文春オンライン

連載ことばのおもちゃ缶

アナグラム(2)元ネタのイメージを重ねつつ、どれだけイメージを裏切れるか

2015/04/26

genre : エンタメ, 読書

前回「桐島、部活やめるってよ」で多彩なアナグラムを披露した著者。ことばあそびの世界は広がり続ける。

 これくらい多様なアナグラムを作り出せる素材があるのであれば、二人の人間が同時に作っても一致することはあまりないのではないか。そんな発想から発案した対戦式ゲームが、「アナグラムバトル」である。二人が同じお題をもとにアナグラムを作り、どちらがより面白いかギャラリーに判定してもらう。お題はだいたいある共通のテーマを設定していて、「スタジオジブリの映画のタイトル」「村上春樹の本のタイトル」「アイドルの曲のタイトル」などをやったことがある。「○○のタイトル」というパターンが目立つのは、長さがちょうどいいものが多いからだ。あまりに短すぎる素材はアナグラムにするのがきわめて難しくなる。「アイドルの曲」テーマのとき、「少女A」(中森明菜)というお題を出されてかなり苦労した。短すぎると抜き出せる単語が少なすぎて、日本語として成立させづらい。
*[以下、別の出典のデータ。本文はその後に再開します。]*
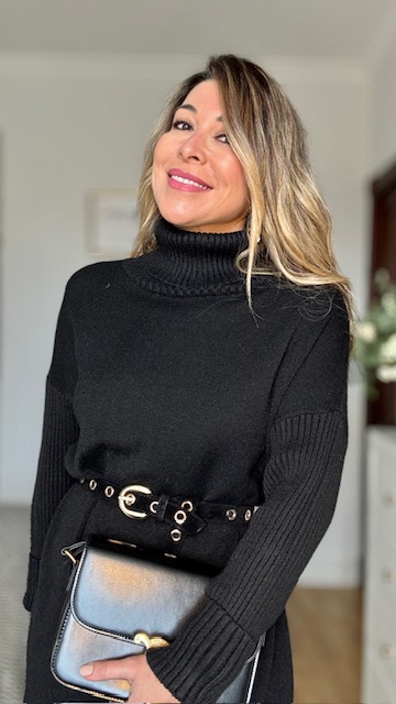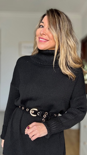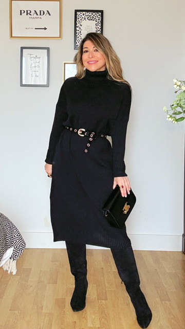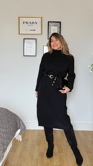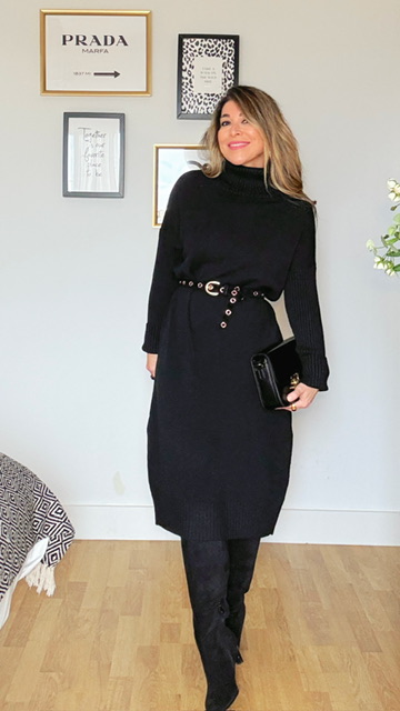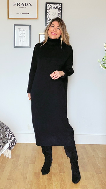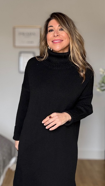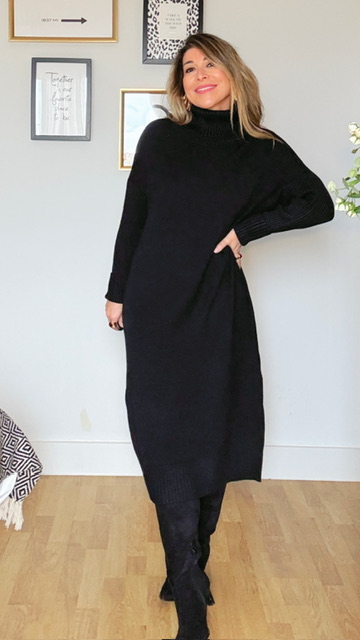Vestido confeccionado en tejido de punto con cuello alto en color negro. Talla única válida desde la 36 hasta la 44. Complementos no incluidos.
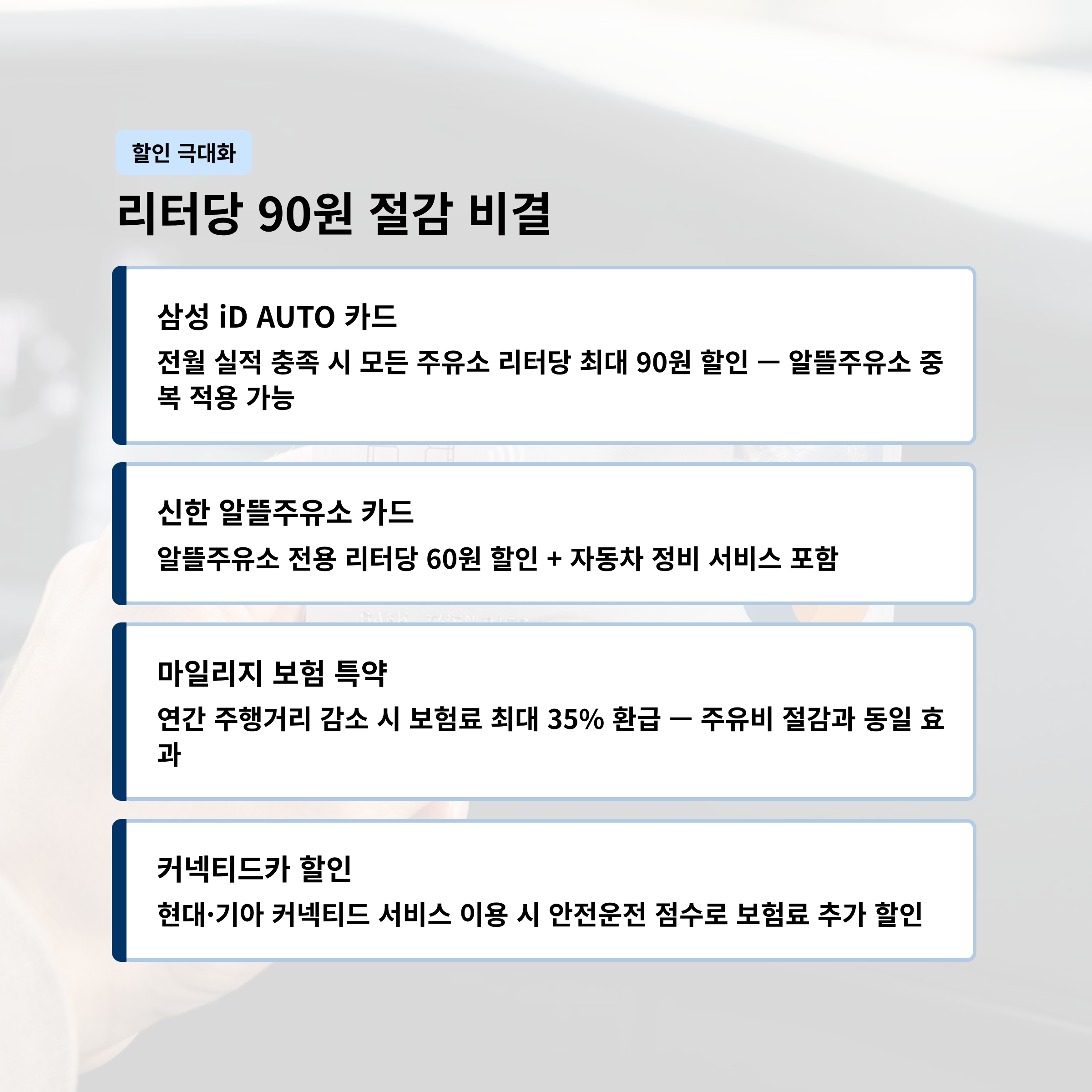 3. 리터당 90원 절감! 주유 할인 카드 & 자동차보험 연계 팁

 それでは逆にものすごく長いお題だとどうなのか。長いお題は、その中からたくさん単語を掘り起こせるのでやりがいがあるのだが、完成させるのに時間がかかる。そして完成させたとしても、どうもいまひとつぴんとこないものになりがちだ。とりあえず一例として、村上春樹の「色彩を持たない多崎つくると、彼の巡礼の年」をアナグラムにしてみる。改めて見ても長いタイトルだ。

色彩を持たない多崎つくると、彼の巡礼の年
→しきさいをもたないたざきつくると、かれのじゅんれいのとし
→華麗なる地元の逸材を、思春期のとき託された

 えー、これが出来上がるまでの所要時間はだいたい20分ほどでした。疲れた。完成品を見せるとそれなりのインパクトは与えられるのだが、元ネタが想像しづらくなってしまいもはや「説明されないとわからない」という域に達してしまう。時間をかけて作ったものをテキストで見せる分にはいいけれど、ライブ感覚を売りとする「アナグラムバトル」では少し不向きだった。だいたい7~20字程度が、元ネタの香りを残しつつアナグラムに出来てちょうどいい。そんなわけで自作のアナグラムを少し並べてみる。

ADVERTISEMENT

はぐれ刑事純情派→受験は常時ハイレグ
アナと雪の女王→同じ京都の鮎
あの鐘を鳴らすのはあなた→田中の姉の花を荒らす

「元ネタのイメージを重ねつつ、どれだけイメージを裏切れるか」が良いアナグラムを作るための重要なコツだ。あとこれくらいのサイズだと、意味は大幅に変わっても言葉のリズムそのものは似通ったものが生まれるというのもポイントかもしれない。私はアナグラムの素材として本や映画、音楽などといった作品のタイトルを使うのが好きなのだが、元ネタがリズムや響きの良さを重視しながら十分に技巧を尽くして考え出されているものだからだと思う。覚えやすく口にしやすい良いタイトルほど面白いアナグラムも作りやすいというのは、実感として確かにある。「桐島、部活やめるってよ」も良いタイトルだし。